A mis-sold mortgage is defined as one that was not sold in accordance with the regulators rules which are intended to protect consumers of financial products and services from being misled or inadequately advised. The rules regulating the insurance industry are complex and a UK mortgage solicitor can help by assessing whether the selling went against these regulations. The root of this problem lies in the fact that these insurance policies depend on the investment of monthly premiums by the life companies creating a sufficiently large fund to pay off the mortgage at the end of the term, however because of the underperforming Stock Market the majority of policies have failed to achieve this and as a result many homeowners have been left with little financial stability.
Mis-Selling Grounds
There are four main grounds which can result in a successful claim for mortgage mis-selling as briefly explained below :-
- Was the insurance product suitable for you?
- Your adviser should have made sure that this method of repaying the loan on the property was the best method for you depending on:
- Your financial circumstances at the time
- Your attitude to risk.
Listed below are some of the reasons why the mortgage may not have been suitable for you:-
The financial advisor wrongly said that this method was guaranteed to pay off the mortgage.
Other options for repaying the mortgage were not discussed fully with you.
The advisor didn’t explain how your endowment would be invested and explain the risks involved.
The advisor didn’t explain that this method of repayment is a long-term commitment that gives a poor return if you cash it in early.
The advisor didn’t check you were comfortable with the risks of stock market investment.
The advisor should have explained that the amount you would get back depended on the performance of the stock market.
The sale didn’t follow the statutory rules
These are some of the reasons why the policy sale may not have followed the financial regulators rules:-
The adviser didn’t explain any fees and charges and how they affect the return you get on your savings.
You should have been given detailed product particulars including charges and cash-in values.
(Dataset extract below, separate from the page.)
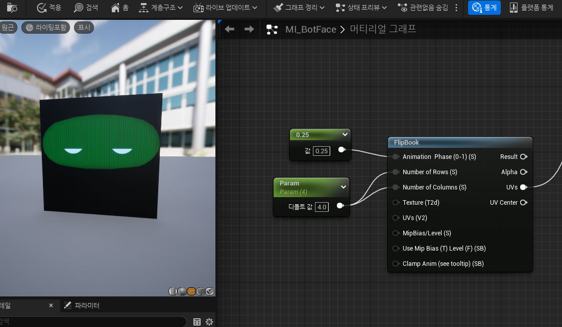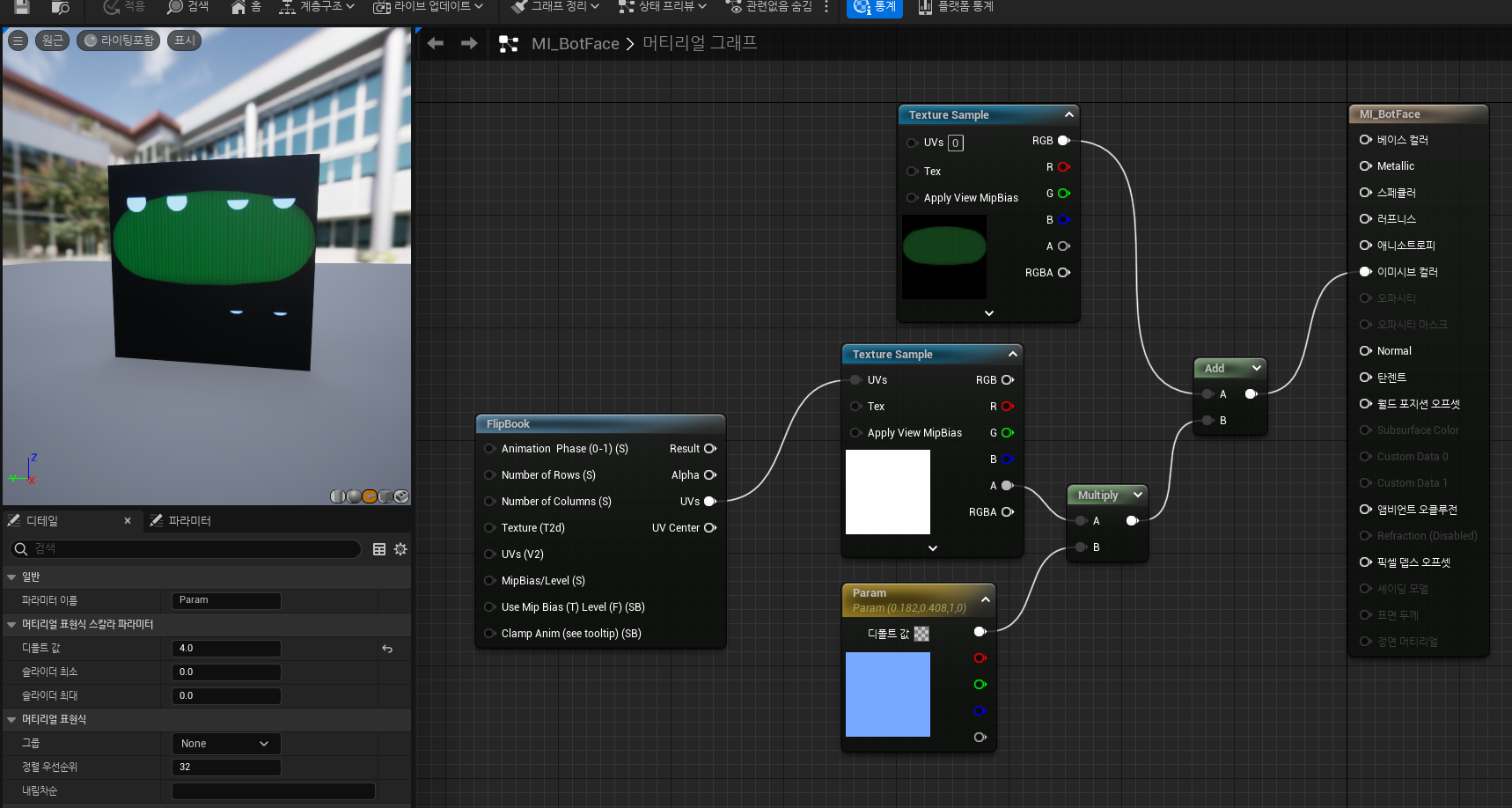 눈 표정 텍스쳐에 색상을 Multiply 하고 베이스 디스플레이 텍스쳐와 Add 처리해서 Emmisive 핀으로 연결. 눈 표정 UV 좌표를 처리하기 위해 FlipBook 노드를 사용하는데, 구체적으로 어떻게 동작하는지는 파악할 필요 있음.

You should have been given detailed information regarding fees and charges and their effect over the longer term.
The advisor didn’t complete a full fact-find during the sales process.
Payments into retirement.
If your mortgage and re-payment arrangements were set up to continue past your expected retirement age, your advisor should have checked that you would have enough income in retirement to continue to pay the mortgage and the premiums. If this wasn’t discussed or you were told not to worry because the insurance would pay off the mortgage before retirement, your mortgage solicitor has grounds to claim compensation.
A practice known as “Churning”.
Any endowment policy you held at the time your mortgage was recommended to you should have been used to back your loan. Any advisor who told you to cash it in, and then sold you another one to replace it, was guilty of ‘churning’. Not only is this appalling advice, it’s also against the rules and gives your mortgage solicitor grounds to claim compensation.